Inspiring Live Aid
13 Dec 2005, PR 110/05 One of the most enduring images of Michael Buerk's BBC coverage of the 1984 famine in Ethiopia was of a young British nurse, who, surrounded by 85,000 starving people, had the terrible task of choosing which children to allow into the feeding centre, and which were too far gone to be saved.That nurse was Claire Bertschinger and those pictures inspired Bob Geldof to make the original Band Aid single and organise the Live Aid concert held in 1985: the biggest relief programme the world had ever seen. The Live 8 concerts this year were, in turn, directly inspired by Live Aid
Claire will be giving a lecture entitled The pebble that became an avalanche: inspiring Live Aid today (Tuesday 13 December) at 17.00 in the Stamford Street Lecture Theatre, Waterloo campus. She will talk about her book Moving Mountains and answers questions on her experiences.
Michael Buerk said Moving Mountains was the story ‘one of the true heroines of our times', and said of Claire Bertschinger that she was: ‘An ordinary woman who did extraordinary things and really did move mountains'.
Her achievements have been recognised with the award of the Florence Nightingale Medal (the Red Cross Movement's highest international distinction award for the nursing profession), and one of the 2005 Women Of The Year Lunch And Assembly Awards (winning the ‘Women of the Year Window to the World Award' which acknowledges dedication to work, often in demanding and difficult circumstances, opening our eyes to a world we otherwise would not have known about or even tried to understand.)
Claire now lives in the UK and teaches at the London School of Hygiene and Tropical Medicine.
Her lecture is the first in a new series of Dean's lectures organised by the Florence Nightingale School of Nursing & Midwifery.
Notes to editorsKing's College London is one of the two oldest and largest colleges of the University of London with over 13,800 undergraduate students and nearly 5,700 postgraduates in nine schools of study.

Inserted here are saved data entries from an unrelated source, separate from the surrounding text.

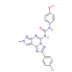 | SMILES | COc1ccc(NC(=O)Nc2nc3nn(C)cc3c3nc(-c4ccc(Cl)cc4)nn23)cc1 |
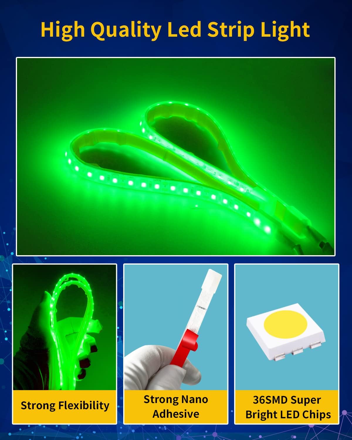 - 【WIDE APPLICATION】Our green led strip lights perfect to use for RV,car,boats,truck,suv,golf cart underglow motorcycle automotive,cargo trailer, under dash lighting interior & exterior front grille,boat deck light Courtesy Interior Lights Fishing Night atmosphere light and also for Home, Kitchen, Room, Bedroom,cabinet,bar,party decor accent lights.Simple design for you to decorate your automotive or home a beautiful, safety and romantic interior.
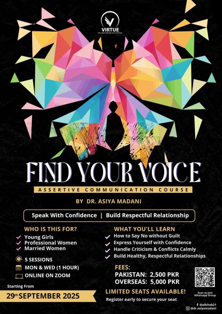 Learn to communicate with confidence, set healthy boundaries, and build respectful relationships through practical, empowering sessions designed for women.
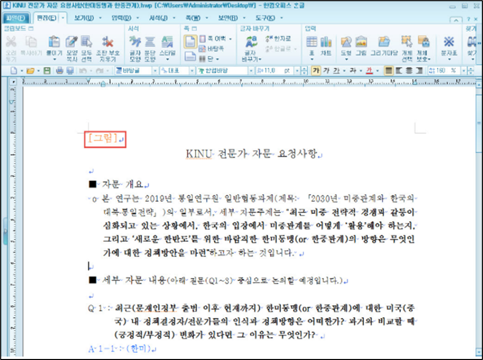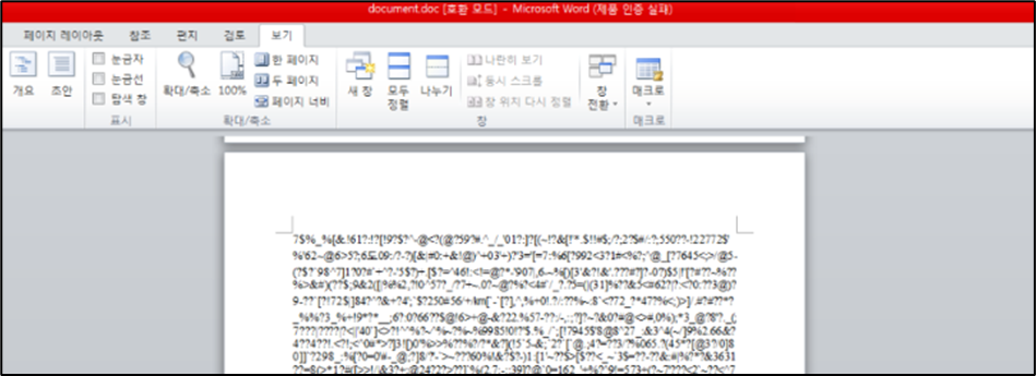 [그림 23]은 한글문서 내에 악성 OLE 개체를 삽입한 뒤, 하얀색 이미지로 숨겨둔 샘플의 예시이다.
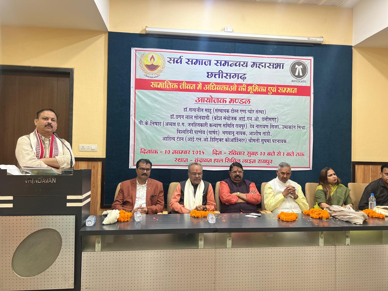 रायपुर, छत्तीसगढ़, दिनांक 10.11.2024। सामाजिक संस्था सर्व समाज समन्वय महासभा छत्तीसगढ़ के द्वारा आज राजधानी रायपुर के सिविल लाइन में स्थित वृंदावन हॉल में *सामाजिक जीवन में अधिवक्ताओं की भूमिका* विषय पर कार्यक्रम आयोजन किया गया। जिसमें विधि के क्षेत्र में विशेष योगदान देने वाले अधिवक्ताओं का *विधि रत्न* से सम्मान भी किया गया। उक्ताशय की जानकारी देते हुए आयोजक मंडल के प्रमुख सदस्य योगाचार्य डॉ सी॰एल॰ सोनवानी ने कहा कार्यक्रम के मुख्य अतिथि श्री रूप नारायण सिन्हा (भाजपा सहयोग केंद्र प्रभारी) ने कार्यक्रम को संबोधित करते हुए कहा अधिवक्ता समाज के अभिन्न अंग है जो समाज के अंतिम व्यक्ति तक न्याय पहुँचाने का कार्य करते है, अधिवक्ताओं का सामाजिक जीवन में अत्यंत महत्वपूर्ण स्थान है अधिवक्ता के बिना न्याय व्यवस्था का सुचारु रूप से संचालन नहीं किया जा सकता। कार्यक्रम की विशिष्ट अतिथि विधि सलाहकार श्रीमती नेहा गुप्ता ने कहा हम सभी को मिलकर न्याय व्यवस्था को मजबूत करने की आवश्यकता है सबको सरल और सुलभ रूप से न्याय कैसे मिले इस पर काम करने की आवश्यकता है। स्वागत भाषण देते हुए सर्व समाज समन्वय महासभा के प्रमुख डॉ उदयभान सिंह चौहान ने कहा हमारी संस्था समाज के हर वर्ग को जोड़ने और उनके बीच समन्वय करने का काम कर रहे है । सबको न्याय दिलाने का कार्य अधिवक्ता करते है उनका स्वागत और सम्मान हमारा कर्तव्य है। कार्यक्रम के मुख्यवक्ता श्री सच्चिदानंद उपासने(राष्ट्रीय लोकतंत्र सेनानी संघ उपाध्यक्ष)अपने उद्बोधन में कहा अधिवक्ताओं के सामाजिक और पारिवारिक जीवन बहुत ही कठिनाइयों भरा होता है पीड़ितों को न्याय दिलाना, लोगों की समस्याओं को दूर करना और लोगों मुसीबत से बचाने का काम अधिवक्तागण करते है। ज़िला अधिवक्ता संघ रायपुर के अध्यक्ष श्री हितेंद्र तिवारी ने कहा अधिवक्ता अपने पक्षकार के लिए मेहनत करता है और माननीय न्यायालय न्याय करता है, अधिवक्ता सम्मान के लिए काम नहीं करता लोगों को न्याय कैसे मिले उसके लिए काम करता है ,आपकी संस्था का धन्यवाद आपने अधिवक्ता परिवार का सम्मान का सोचा और अधिवक्ताओं का सम्मान किया। कार्यक्रम में आयोजक मंडल सदस्य के रुप में डॉ सत्यजीत साहू संचालक (संस्थापक दोस्त और प्योर संस्था) डॉ. सी.एल.सोनवानी ,(आई. एन. ओ.संयोजक)के पी निषाद अध्यक्ष (छत्तीसगढ़ लोक हीतकारी संध )आदित्य टंडन, (छत्तीसगढ़ स्वाभिमान संस्था) देव देवनारायण सिन्हा, उमाकांत मिश्रा ,अधिवक्ता विश्व वंदनी पांडे , अधिवक्ता भगवानू नायक ,आशीष तांड़ी ,सुषमा पटनायक, और बड़ी संख्या में प्रदेश भर से अधिवक्ता गण उपस्थित रहे। कार्यक्रम के अंत में लगभग 60 अधिवक्ताओं को मेडल, प्रमाण पत्र और वस्त्रसम्मान से सम्मानित किय
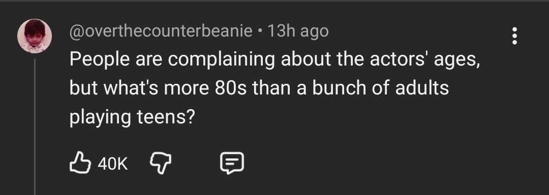 >>215587145Yeah, a group of 30 year old actors are gonna play a group of middle schoolers? Or has time passed in the show's universe? In that case, the show is taking place in mid 90s now.

It is a member of the Russell Group: a coalition of the UK's major research-based universities. The College has had 24 of its subject-areas awarded the highest rating of 5* and 5 for research quality, demonstrating excellence at an international level, and it has recently received an excellent result in its audit by the Quality Assurance Agency.
King's is in the top group of UK universities for research earnings, with income from grants and contracts of £100 million, and has an annual turnover of more than £348 million. In 2004 the College was once again awarded an AA- financial credit rating from Standard & Poor's.